**TASK TO COMPLETE**.
With the pictures removed, the data below must be transcribed in full and exactly.

**GIVEN MATERIAL**.
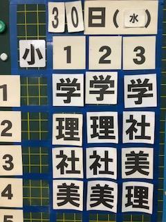 本日行われる予定であった期末テストを明日30日(水)に、明日予定されていたテストは明後日12月1日(木)にスライドさせますので、テスト調べ等への対応をご家庭でもご確認してあげてください。念のため、明日、明後日の時間割を下に記しておきます。
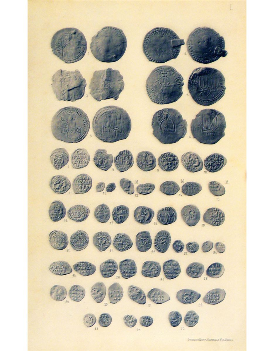 Oreshnikov, A. ИМПЕРАТОРСКIЙ РОССIЙСКIЙ ИСТОРИЧЕСКIЙ МУЗЕЙ ИМЕНИ ИМПЕРАТОРА АЛЕКСАНДРА III. ОПИСАНIЕ ПАМЯТНИКОВЪ. ВЫПУСКЪ I. РУССКIЯ МОНЕТЫ ДО 1547 ГОДА. Moscow, 1896. Small 4to, contemporary maroon quarter leather with modern marbled boards and endpapers; silk marker. xx, 232 pages; fine portrait plate of Chertkov; occasional text illustrations; 21 fine phototype plates of coins. Frontispiece stained; minor intermittent discoloration and wear. Very good, with fine plates. Still the most comprehensive work on the topic and with plates that are far superior to those of the reprints. Clain-Stefanelli 7378*. Grierson 194: "L'ouvrage classique sur les monnaies russes médiévales." Gromachevskii 251б.
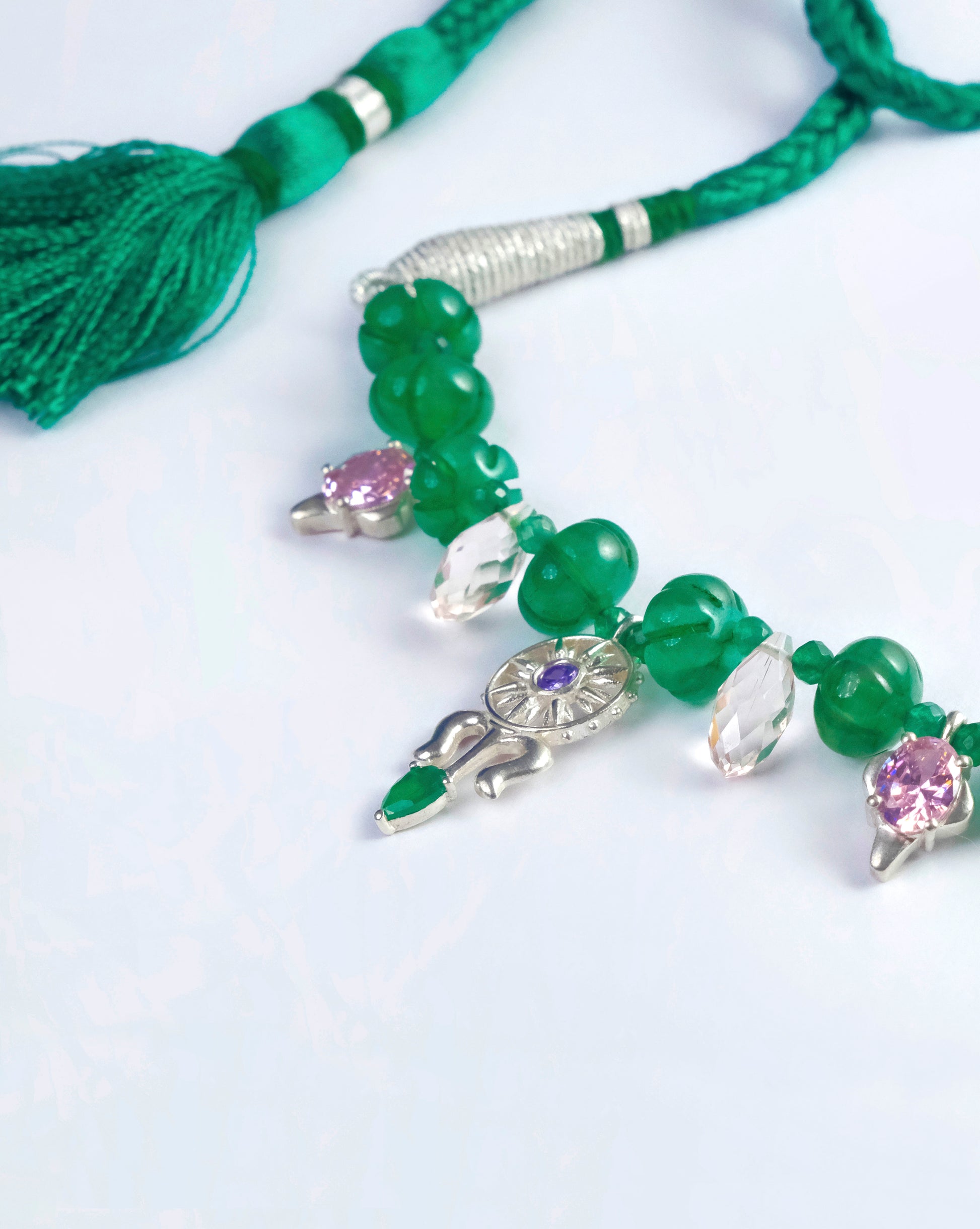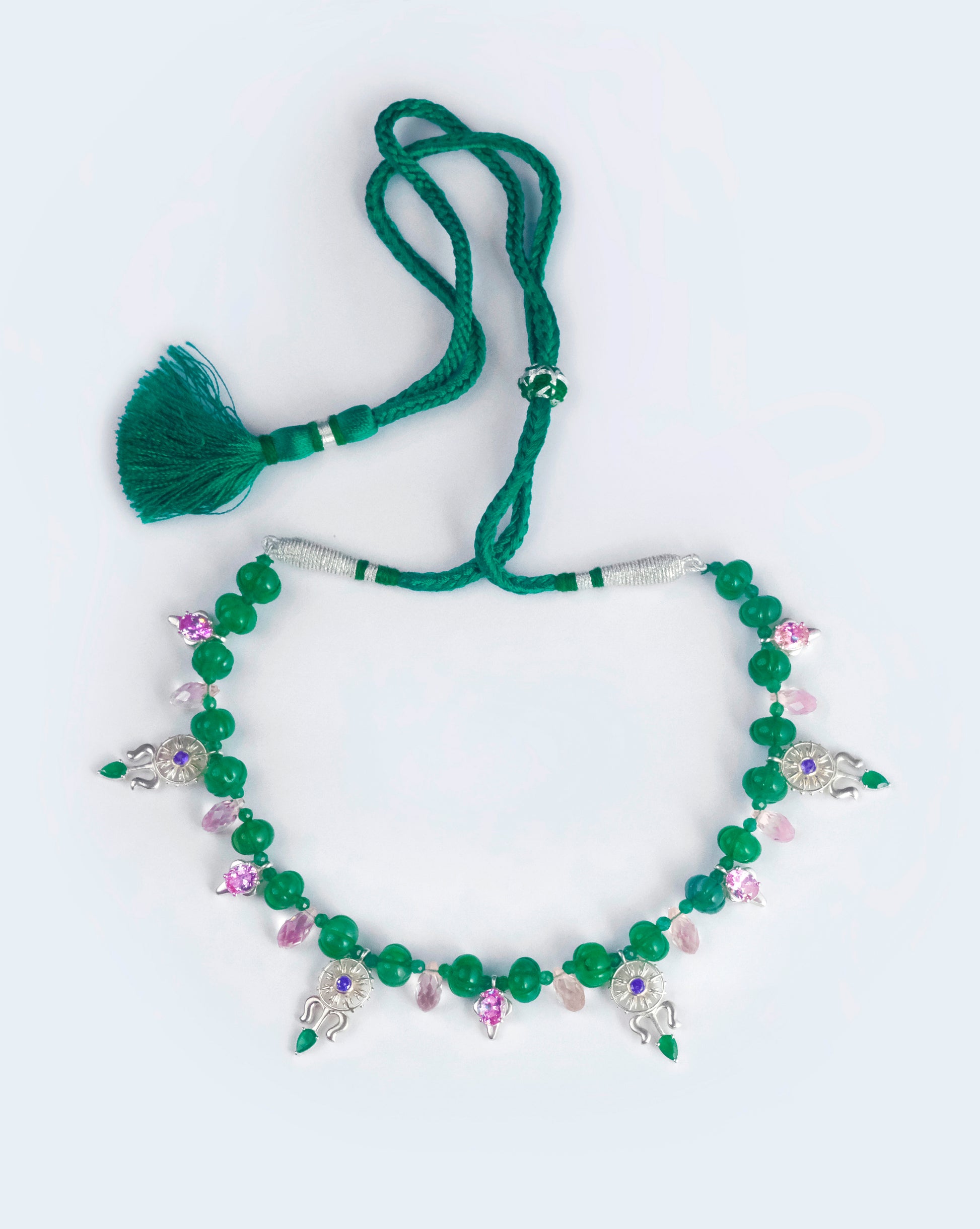 Stones: Blue & Pink Cubic Zirconia Stones & Synthetic Green Onyx Stone,

**RESULT OF THE EXERCISE**.
 本日行われる予定であった期末テストを明日30日(水)に、明日予定されていたテストは明後日12月1日(木)にスライドさせますので、テスト調べ等への対応をご家庭でもご確認してあげてください。念のため、明日、明後日の時間割を下に記しておきます。
 Oreshnikov, A. ИМПЕРАТОРСКIЙ РОССIЙСКIЙ ИСТОРИЧЕСКIЙ МУЗЕЙ ИМЕНИ ИМПЕРАТОРА АЛЕКСАНДРА III. ОПИСАНIЕ ПАМЯТНИКОВЪ. ВЫПУСКЪ I. РУССКIЯ МОНЕТЫ ДО 1547 ГОДА. Moscow, 1896. Small 4to, contemporary maroon quarter leather with modern marbled boards and endpapers; silk marker. xx, 232 pages; fine portrait plate of Chertkov; occasional text illustrations; 21 fine phototype plates of coins. Frontispiece stained; minor intermittent discoloration and wear. Very good, with fine plates. Still the most comprehensive work on the topic and with plates that are far superior to those of the reprints. Clain-Stefanelli 7378*. Grierson 194: "L'ouvrage classique sur les monnaies russes médiévales." Gromachevskii 251б.
 Stones: Blue & Pink Cubic Zirconia Stones & Synthetic Green Onyx Stone,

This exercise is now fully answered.